### TASK DIRECTIONS
Every record is to be duplicated exactly as it reads, without its images.

○ ○ ○

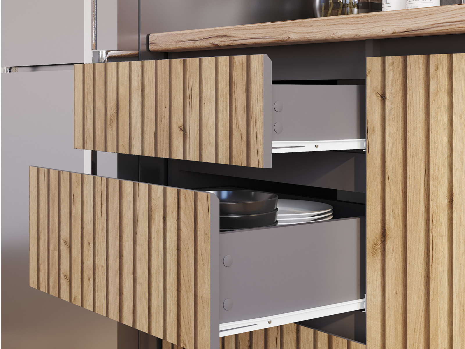 Универсальный дизайн кухни "Шерлок" легко адаптируется под различные интерьерные решения. Фотопечать "рейки" создает иллюзию фактурности. Высокие ножки позволяют без труда поддерживать чистоту на кухне с помощью робота-пылесоса.
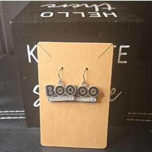Add a playful touch to your outfit with these silver and black 'BOO' earrings. Perfect for any occasion.
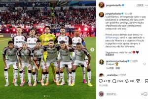 弗拉門(mén)戈中場(chǎng)若日尼奧社媒曬出首發(fā)球員的合照,配文:“我們奮力拼搏,傾盡全力,雖然帶著些許遺憾踏上歸途,但仍對(duì)迄今取得的成就感到無(wú)比自豪?!?/p>
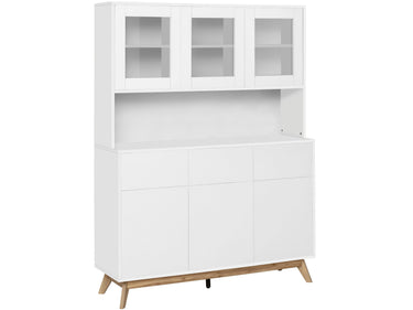 Det stilfulde udseende møder et gennemtænkt opbevaringskoncept. Sådan kan buffetskabet med pushtoopen-funktion beskrives med få ord. Udseendet er præget af klare former og sofistikerede designhøjdepunkter. Disse inkluderer rammelooket, de let udstrakte møbelfødder og det håndtagsfrie design. Lagerpladskonceptet omfatter flere skabselementer, skuffer og vitrineelementer. Du kan bruge vitrineskabet i spisekøkkenet eller i spisestuen. Et FSC®-certificeret træbaseret materiale blev brugt til produktionen.
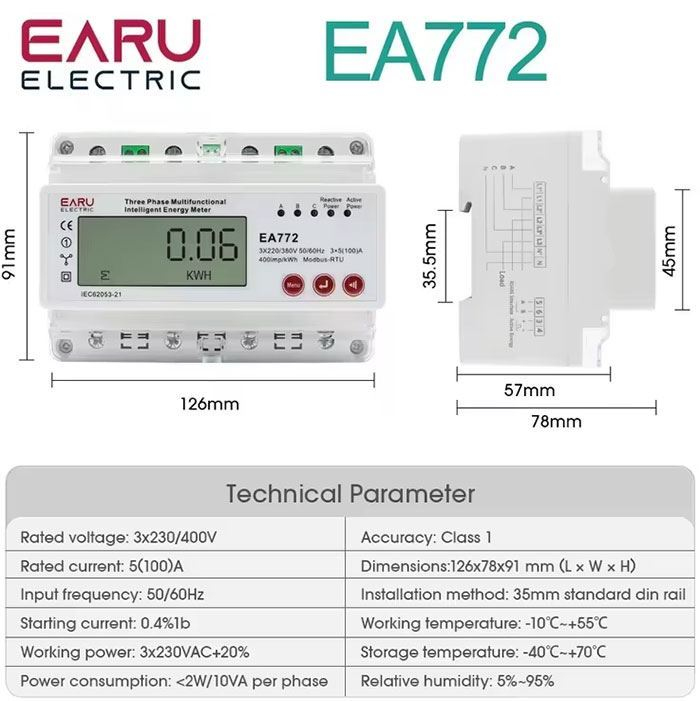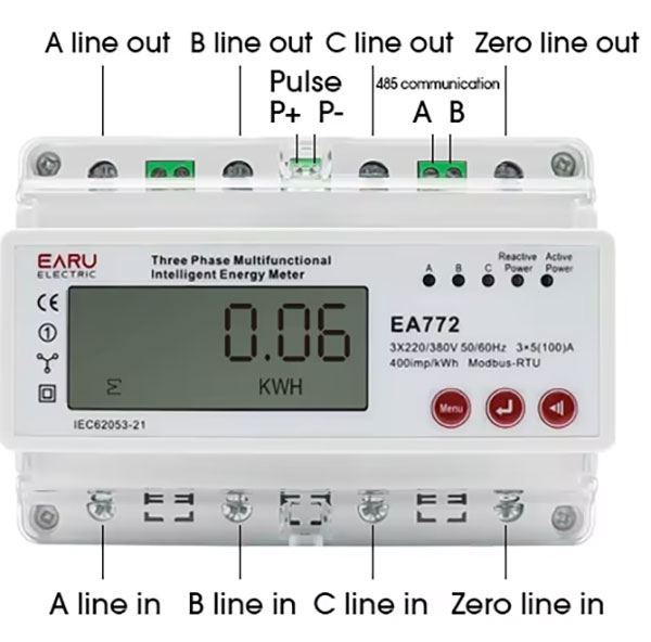 Elektroměr ke kontinuálnímu měření činné spotřeby elektrické energie z třífázového zdroje. Měří spotřebu i přetoky ve stejném poměru, přetoky registruje jako spotřebu. Měří činnou energii střídavého proudu s jmenovitou frekvencí 50/60 Hz a zobrazuje činnou/jalovou energii, třífázové napětí, proud, účiník, frekvenci a další informace.
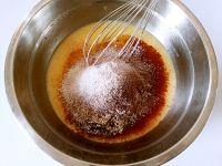 1.蛋黄中加入玉米油和牛奶。
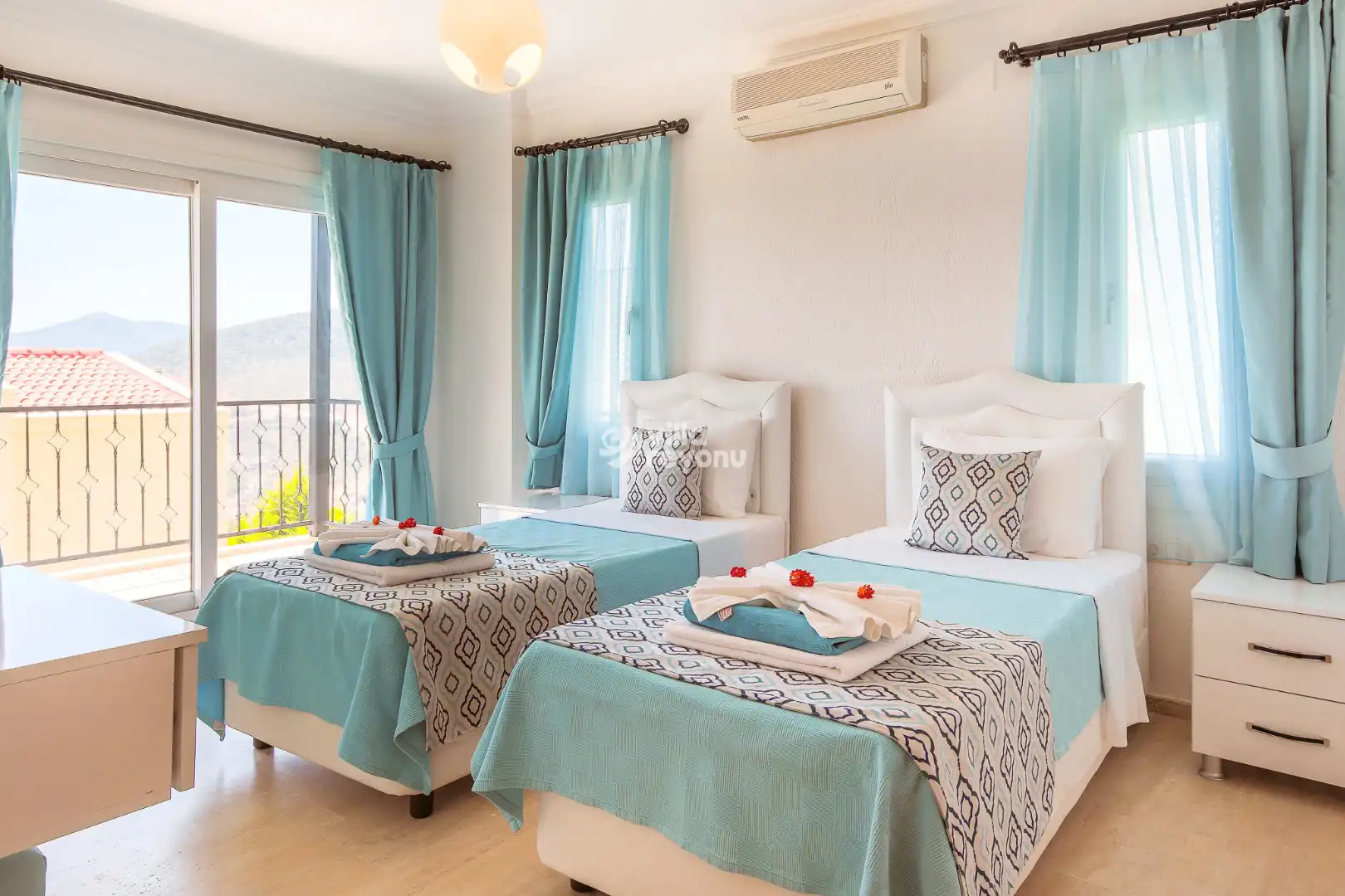 Villa Evelor, Kalkan’ın gözde bölgelerinden biri olan Kızıltaş mevkiinde konumlanmaktadır. Toplam 3 yatak odasına sahip olan villamız, 6 kişiye kadar konaklama kapasitesi ile kalabalık aileler ve arkadaş grupları için ideal bir tatil seçeneğidir.
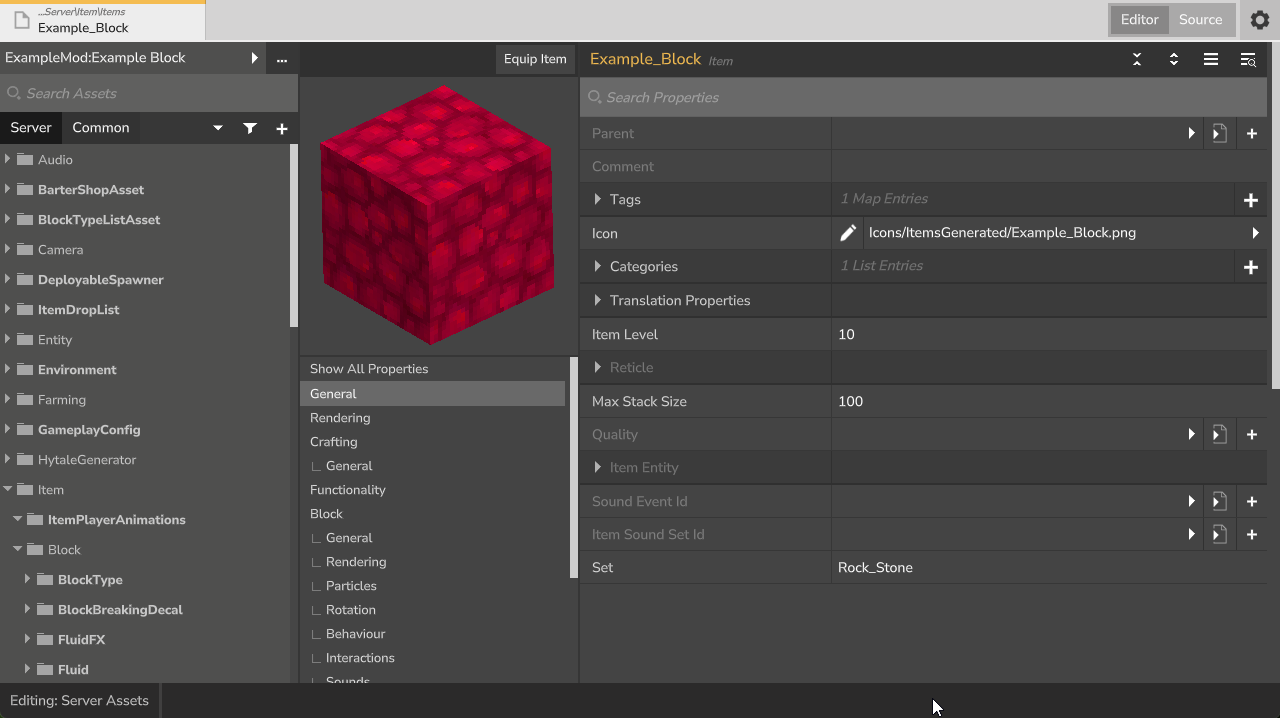 Now that you have the files created, you can edit the properties and details of your block through the Asset Editor!
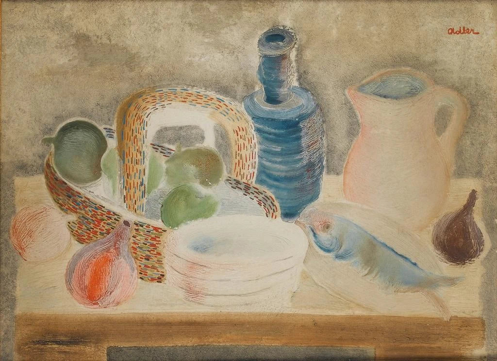 Jankel Adler, nato in Polonia e attivo in Europa nel XX secolo, è spesso associato al movimento espressionista. Il suo percorso artistico è caratterizzato da una ricerca costante di innovazione, pur rimanendo ancorato alle tradizioni pittoriche. Influenzato dai sconvolgimenti della sua epoca, Adler è riuscito a integrare elementi moderni nelle sue opere, creando così un dialogo tra passato e presente. La sua natura morta testimonia questa dualità, dove l’arte classica incontra tecniche contemporanee, offrendo una prospettiva unica sul soggetto.

○ ○ ○

### WRITTEN SOLUTION
 Универсальный дизайн кухни "Шерлок" легко адаптируется под различные интерьерные решения. Фотопечать "рейки" создает иллюзию фактурности. Высокие ножки позволяют без труда поддерживать чистоту на кухне с помощью робота-пылесоса.
Add a playful touch to your outfit with these silver and black 'BOO' earrings. Perfect for any occasion.
 弗拉門(mén)戈中場(chǎng)若日尼奧社媒曬出首發(fā)球員的合照,配文:“我們奮力拼搏,傾盡全力,雖然帶著些許遺憾踏上歸途,但仍對(duì)迄今取得的成就感到無(wú)比自豪?!?/p>
 Det stilfulde udseende møder et gennemtænkt opbevaringskoncept. Sådan kan buffetskabet med pushtoopen-funktion beskrives med få ord. Udseendet er præget af klare former og sofistikerede designhøjdepunkter. Disse inkluderer rammelooket, de let udstrakte møbelfødder og det håndtagsfrie design. Lagerpladskonceptet omfatter flere skabselementer, skuffer og vitrineelementer. Du kan bruge vitrineskabet i spisekøkkenet eller i spisestuen. Et FSC®-certificeret træbaseret materiale blev brugt til produktionen.
 Elektroměr ke kontinuálnímu měření činné spotřeby elektrické energie z třífázového zdroje. Měří spotřebu i přetoky ve stejném poměru, přetoky registruje jako spotřebu. Měří činnou energii střídavého proudu s jmenovitou frekvencí 50/60 Hz a zobrazuje činnou/jalovou energii, třífázové napětí, proud, účiník, frekvenci a další informace.
 1.蛋黄中加入玉米油和牛奶。
 Villa Evelor, Kalkan’ın gözde bölgelerinden biri olan Kızıltaş mevkiinde konumlanmaktadır. Toplam 3 yatak odasına sahip olan villamız, 6 kişiye kadar konaklama kapasitesi ile kalabalık aileler ve arkadaş grupları için ideal bir tatil seçeneğidir.
 Now that you have the files created, you can edit the properties and details of your block through the Asset Editor!
 Jankel Adler, nato in Polonia e attivo in Europa nel XX secolo, è spesso associato al movimento espressionista. Il suo percorso artistico è caratterizzato da una ricerca costante di innovazione, pur rimanendo ancorato alle tradizioni pittoriche. Influenzato dai sconvolgimenti della sua epoca, Adler è riuscito a integrare elementi moderni nelle sue opere, creando così un dialogo tra passato e presente. La sua natura morta testimonia questa dualità, dove l’arte classica incontra tecniche contemporanee, offrendo una prospettiva unica sul soggetto.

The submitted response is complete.